_WORK TASK_
Leaving out the pictures, retype the lines from the top of the listing through the line with "嗜热蓝藻(Thermosyn" exactly.

_DATA SECTION_
• • •

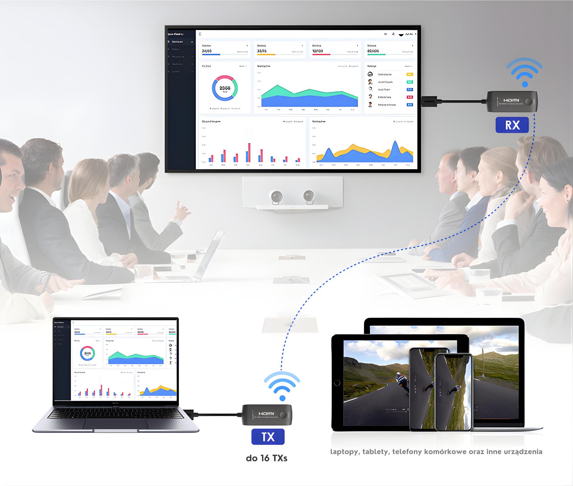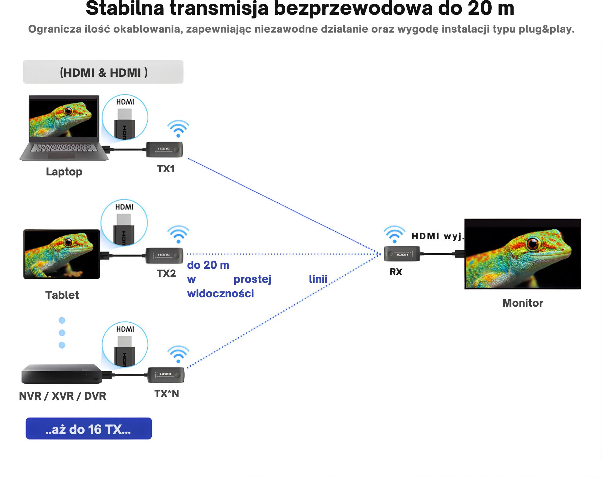 Kompaktný bezdrôtový extender HDMIktorý umožňuje prenos kvalitného obrazu4K@60 Hz s rovnomerným16 vysielačov na jeden prijímač. Ideálne pre zasadacie miestnosti, prezentácie, výstavy a multimediálne aplikácie.
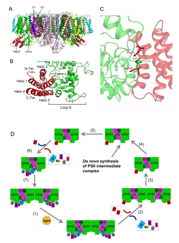 嗜热蓝藻(Thermosynechococcus vulcanus)PSⅡ组装修复中间复合体Psb27-PSⅡ结构及PSII组装修复模型:(A)Psb27-PSⅡ整体结构图;(B)Psb27在复合体中的结合位点;(C)Psb27与CP43的相互作用;(D)PSII组装修复模型
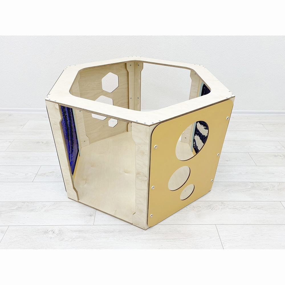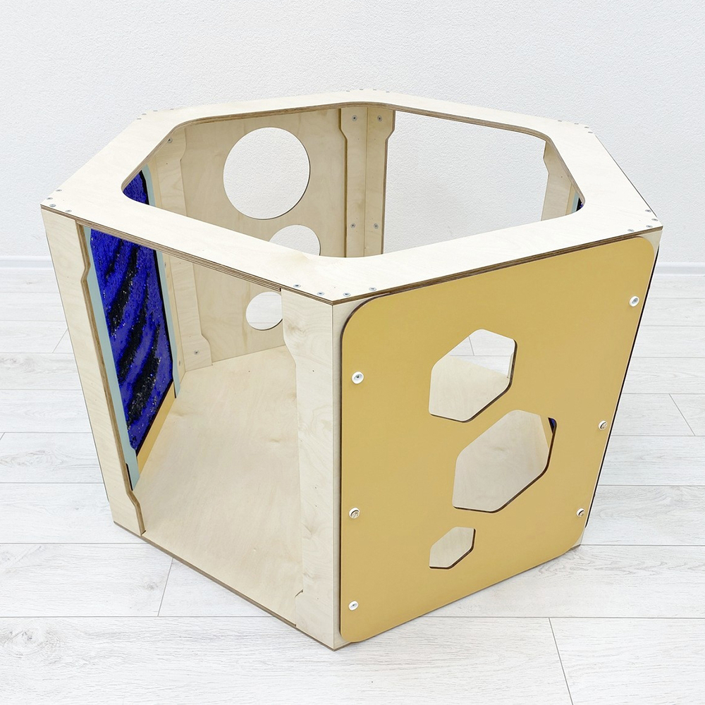 Внутри модули украшены тактильными панелями для развития сенсорной чувствительности, а снаружи – лазерной гравировкой и фигурными окошками. Они идеально стыкуются между собой и позволяют конструировать из них замки и лабиринты для маленьких непосед.

• • •

_COMPLETED TASK_
 Kompaktný bezdrôtový extender HDMIktorý umožňuje prenos kvalitného obrazu4K@60 Hz s rovnomerným16 vysielačov na jeden prijímač. Ideálne pre zasadacie miestnosti, prezentácie, výstavy a multimediálne aplikácie.
 嗜热蓝藻(Thermosynechococcus vulcanus)PSⅡ组装修复中间复合体Psb27-PSⅡ结构及PSII组装修复模型:(A)Psb27-PSⅡ整体结构图;(B)Psb27在复合体中的结合位点;(C)Psb27与CP43的相互作用;(D)PSII组装修复模型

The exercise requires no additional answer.